News | Jan. 4, 2023

Turkey’s Future in NATO: Asset or Liability?

By Paul J. David-Justus National Institute for Public Policy

In September 2020, Greece and Turkey narrowly avoided war as a result of a dispute regarding offshore energy exploration rights in the Aegean Sea. This near-miss propelled Athens to pursue a military modernization program over the fear of a possible future escalation with Ankara—an ally ostensibly committed to Greece’s defense.[1]

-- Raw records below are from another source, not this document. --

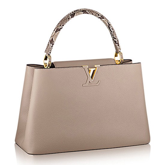 It was on the Rue des Capucines in Paris that thefirst Louis Vuitton store opened its doors. As timeless as the House itself,the Capucines bag brings chic sophistication to any look. Full-grain Taurillonleather combines with precious python to create a luxurious handbag accentedwith heritage details: the LV initials, the distinctive side rings and thesubtle Monogram flower on the closing flap. Its capacious interior makes thebag an ideal companion for a day of business or shopping.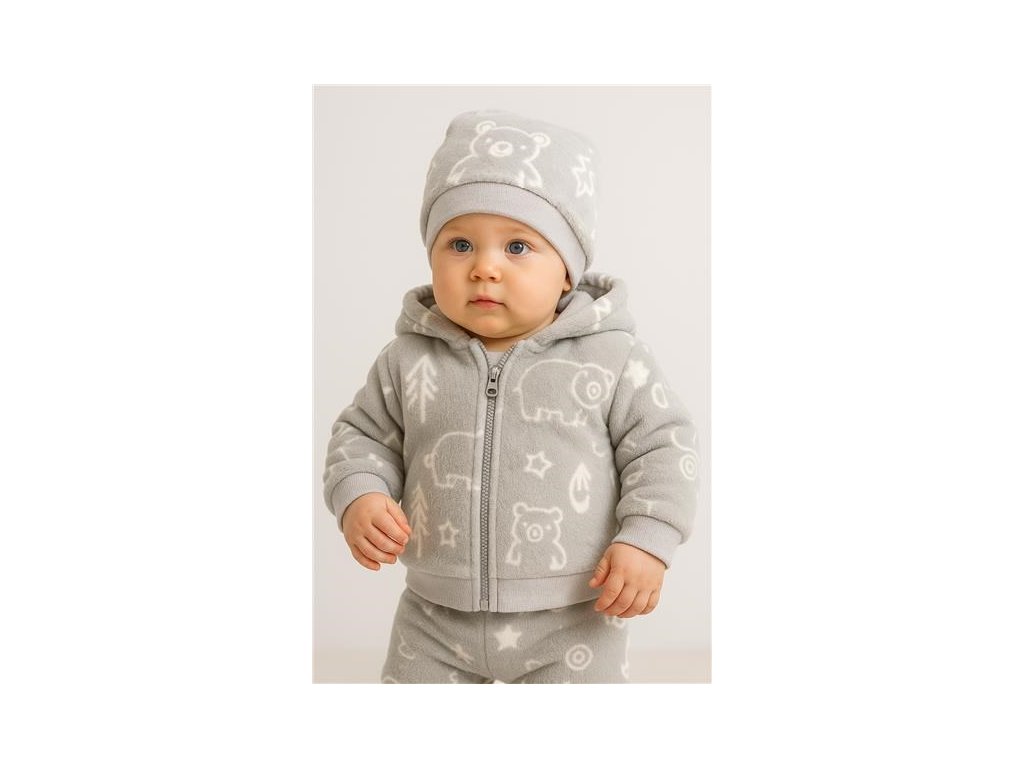 Zimní kojenecká čepička s šátkem na krk New Baby Teddy bear šedá 68 (4-6m)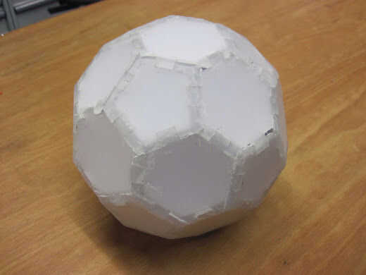 Ahora "papel de lija" (yo usé un proxxon y dremel con una lija primera, corundom herramienta más tarde para el trabajo más fino) los bordes para suavizarlos. Se fue la parte menos divertida de todo el proceso de construcción. Si le hago eso otra vez, voy a intentar hacer un soporte para los lados, donde puedo cortar cada lado biselado con el cortador del laser: hay cierto ángulo entre 5- y 6-borde y también otro cierto ángulo entre bordes de 6, que corresponden al ángulo con que el borde debe "quienes" para obtener una conexión suave entre dos azulejos.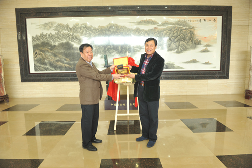 梁福沛副校长(左)向中国冶金地质总局山东局郑明坤副局长(右)赠送学校纪念品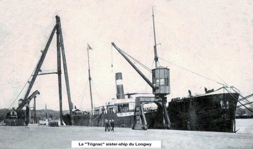 Le « Longwy » était un cargo à coque acier et propulsion vapeur construit en 1902 pour le compte de la Société des Chargeurs de l’Ouest dont le siège social était à Nantes.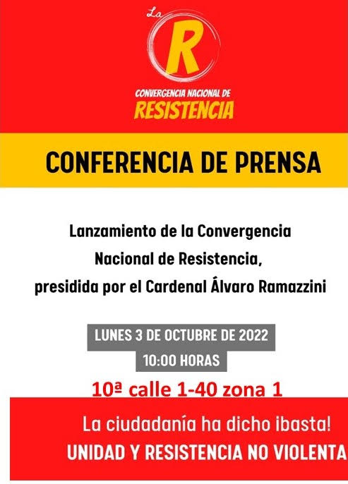 Conferencia de prensa del lanzamiento de la Convergencia Nacional de Resistencia, presidida por el Cardenal Álvaro Ramazzini…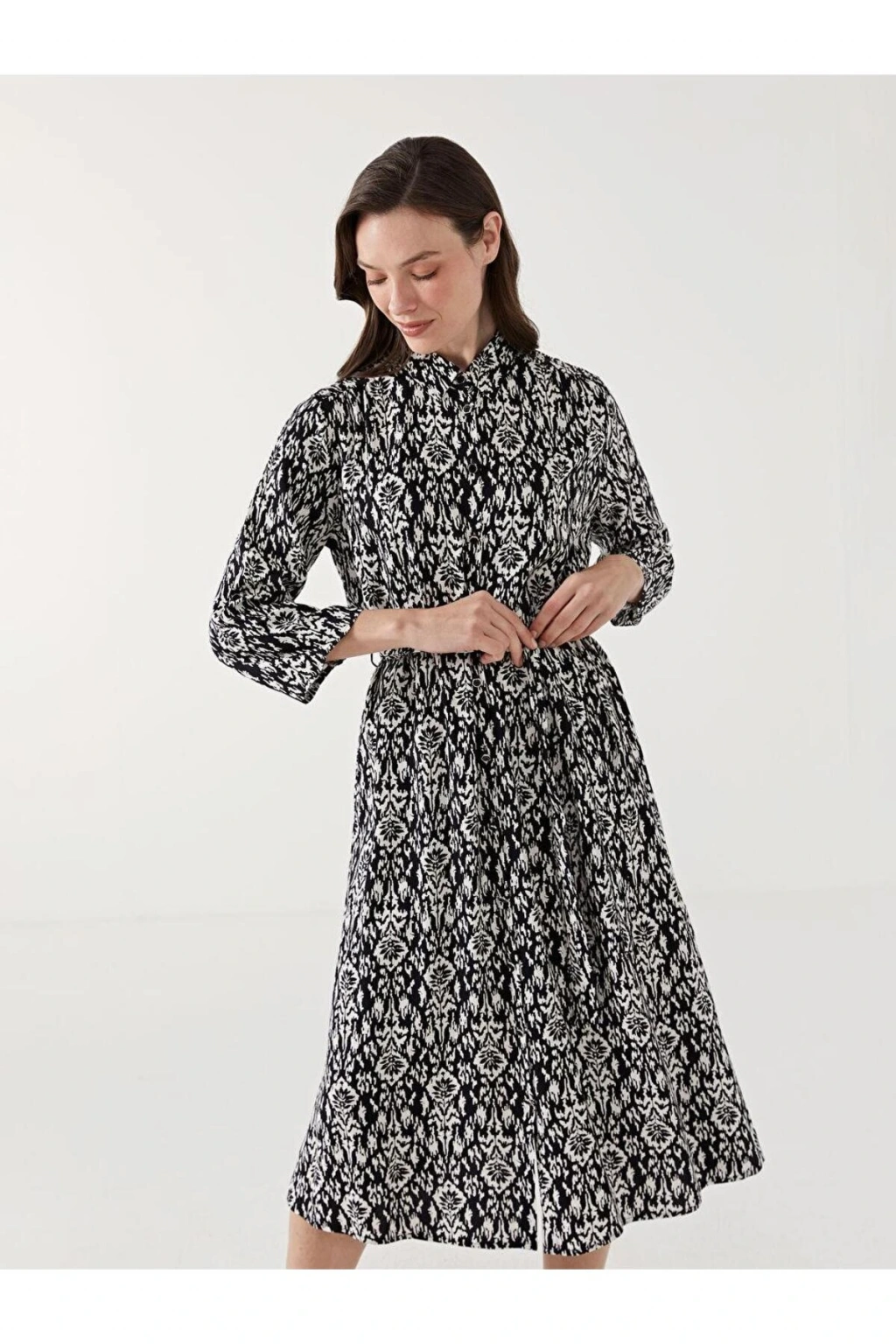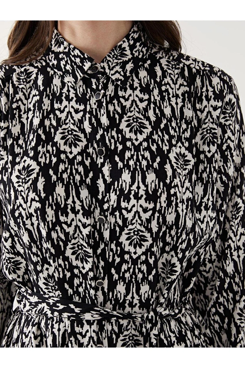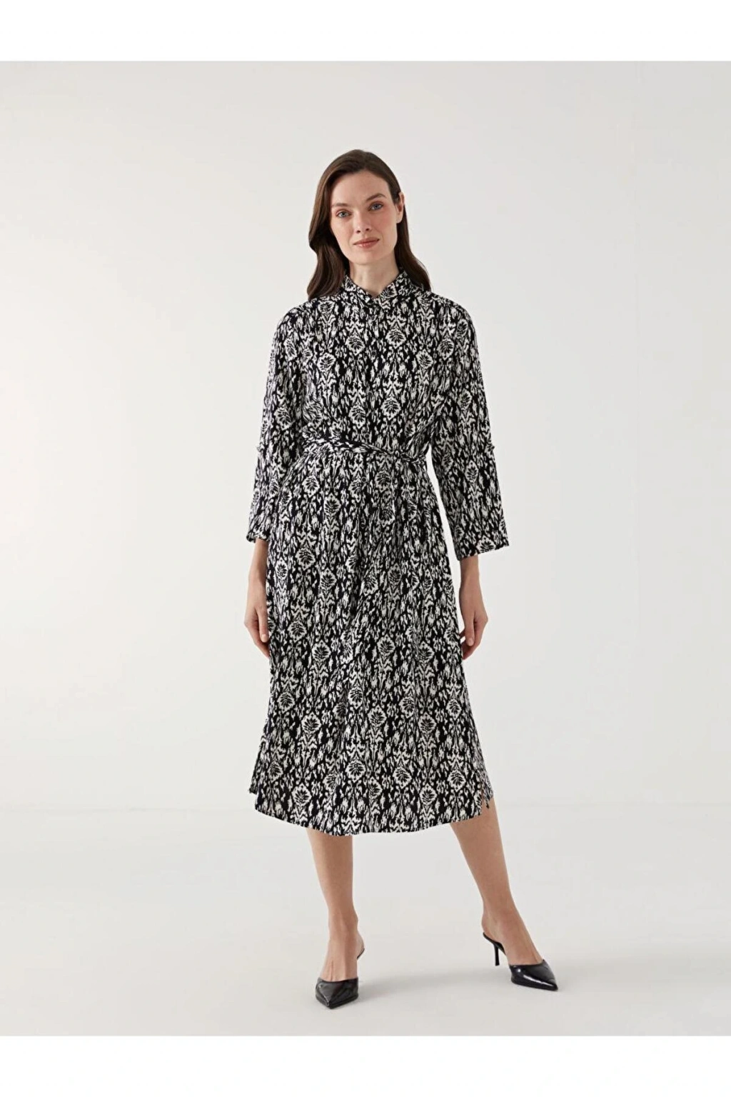 Ürün Açıklaması Desenli kadın gömlek elbise, akıcı viskoz elyafıyla rahat ve şık bir giyim deneyimi sunar.; Belindeki bağlama detayı, kişisel uyum sağlar ve vücudunuzu zarifçe sarar.; Katlanabilir apolet detaylı kollarıyla pratik ve stil sahibi bir görünüm kazandırır.; Manken Bilgisi Göğüs: 87 cm Bel: 60 cm Basen: 90 cm Boy: 175 cm Manken 40 beden ürün giyiyor.; Manken Bilgisi Boy: 175 cm Kilo: 60 kg Manken 40 beden ürün giyiyor.; Ürün İçeriği ve Özellikleri Ürün İçeriği: Ana Kumaş: %100 VİSKOZ Ürün Özellikleri: Satıcı: LC Waikiki Marka: LCW Grace Ürün Tipi: Gömlek Elbise Cinsiyet: Kadın Astar Detay: Astarsız Desen: Baskılı Kalınlık: İnce Kalıp: Standart & Regular Kol Boyu: Truvakar Kol Uzunluk: Midi Yaka: Gömlek Yaka Parça Sayısı: 2 Parça Ürün Aksesuarı: Kuşak

The incident was not an isolated one, however. It followed the Trump administration’s leveling of sanctions against Turkey for its acquisition of the Russian S-400 air defense system in contravention of U.S. concerns, as well as its assault on U.S.-backed Kurdish militias in Syria.[2] It also comes against the backdrop of a deepening internal crackdown by Turkish President Recep Tayyip Erdogan in recent years, featuring mass arrests, the erosion of the rule of law, and marked increases in the power of the Presidency. Further, Turkey has threated to veto Sweden and Finland’s applications for North Atlantic Treaty Organization (NATO) membership amid Russia’s unjust, irredentist invasion of Ukraine, delaying the addition of two strategically valuable members to the Alliance in a bid to gain political concessions.

Cumulatively, these developments have raised questions about Turkey’s future in NATO, with some officials and commentators doubting the value of its continued participation in the bloc.[3] Yet, such a move would be an unprecedented decision for the Alliance—and a potentially catastrophic one. This raises serious questions about the integrity and true purpose of NATO.